Прянишникова в беседу больше не вступала, Людмила вся склонилась в протокол. Знай себе строчит.
Калерии же предстояло что-то сказать, подвести, что называется, итог. Но она не знала, что говорить и к чему привести совет. Ей было противно от своей сегодняшней роли, и она на самом деле не понимала сейчас — кто здесь прав, а кто виноват и какое имеют право посторонние люди сюда вмешиваться.
Заметив ее нерешительность, бразды правления в свои руки взяла заведующая детсадом Кудрявцева.

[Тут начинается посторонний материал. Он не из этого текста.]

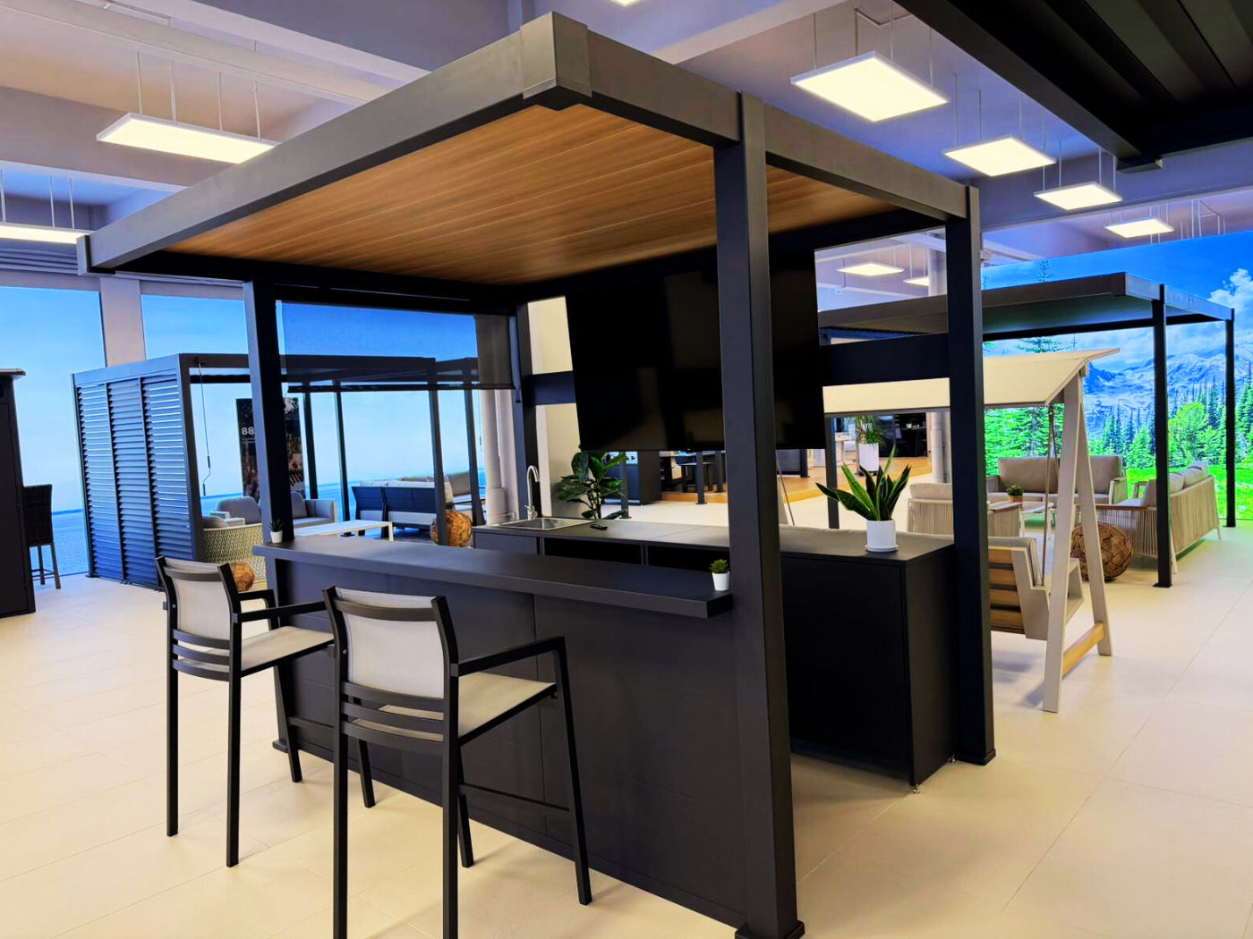 Aluminium is widely used in architectural applications because it offers structural strength without excessive bulk. In a pergola kitchen setting, that balance matters. The frame must be rigid enough to support the roof system and integrated features, while remaining visually clean and proportionate within a garden environment.

— И все-таки мы вас, Светлана, призываем еще раз хорошенько подумать. Мы взываем к вашему милосердию. Проявите сострадание, голубушка! Все теперь зависит от вас. Вы должны понимать, что ждет капитана Абрашина благодаря вам. Его могут понизить в должности, даже исключить из партии! Если вы его любите, то…

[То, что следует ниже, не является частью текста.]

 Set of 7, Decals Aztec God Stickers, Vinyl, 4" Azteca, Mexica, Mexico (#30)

— Я жду от него ребенка, — перебила Светлана.
Все притихли. Возразить было нечего.
— Я могу идти?
— Да, конечно, идите, — ответила Калерия. — До свидания.

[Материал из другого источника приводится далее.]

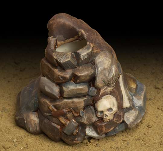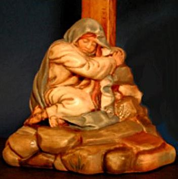 The Passion SetTM Mary Magdalene is draped mournfully around the base of Jesus' cross . This piece is designed so that Jesus can be removed from the cross, and the base turned around to hide Mary Magdalene after Good Friday. Bodies were normally left on the cross to rot after crucifixion, hence the skull at the base of the cross from a previous execution. |
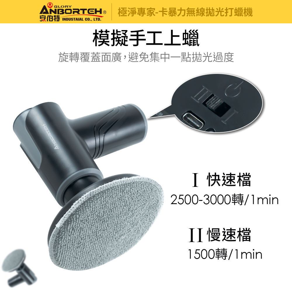 【安伯特】卡暴力 無線拋光打蠟機 推薦功能 :無線設計 : 沒有線材束縛,使用無拘束輕量設計 : 僅328g,單手好拿不費力2 檔調速 : 快速檔、慢速檔,滿足不同需求防震握柄 : 強勁動力,不手麻多款配件 : 多種打蠟盤可隨意替換機身輕巧 : 小巧便攜,不占空間

Светлана поднялась и простучала каблучками к выходу. Прянишникова покачала вслед головой.
— Калерия Петровна, вы что же? Так нельзя! Мы даже совсем никак не наказали ее! — не могла успокоиться учительница.
Людмила отложила протоколы и устремила свой взгляд на Калерию. Кудрявцева ерзала на стуле и то и дело посматривала на часы. Заседание длилось второй час. Всех ждали дома.
— А может, она в чем-то и права, — наконец проговорила Калерия. — Нельзя же человека держать! Пусть он сам выбирает, с кем остаться…
— Золотые слова! — торжествующе воскликнула Людмила. — Насильно мил не будешь!
— Да! А как же семья, ячейка нашего общества? — не сдавалась учительница. — Мы не сами по себе, мы среди людей.
— В данном случае, — подвела итог Калерия, — мы сделали все, что смогли.
— Вот именно, — поддержала Прянишникова. — Пострадавшую сторону выслушали? Выслушали. Внушение обидчице сделали? Сделали. По домам, девочки! Нам с Калерией Петровной еще спевки предстоят. Хор сегодня.
Женсовет как ветром сдуло. Всех, кроме Людмилы. Дождавшись, когда все уйдут, Людмила сказала:
— Калерия Петровна, в военторг поступили сапоги австрийские на натуральном меху. Вам прошлый раз не хватило… Оставить? Ваш подъем.
— Оставь, Люда. Если мне не подойдут, маме отправлю. Она у меня модница.
— Пока от нас до Москвы посылка дойдет, зима кончится, — улыбнулась Людмила. — Так вы зайдите.
— Зайду обязательно.
Калерия Петровна поняла, что своим предложением Людмила невольно благодарит ее за такое демократичное отношение к любовникам. Ведь Людмила сама находилась в похожей ситуации. Выходит, Калерия невольно поддержала разлучницу? Со стороны это выглядит так. Выходит, так. А как правильно? И вообще, имеет ли право кто-то со стороны судить — как надо?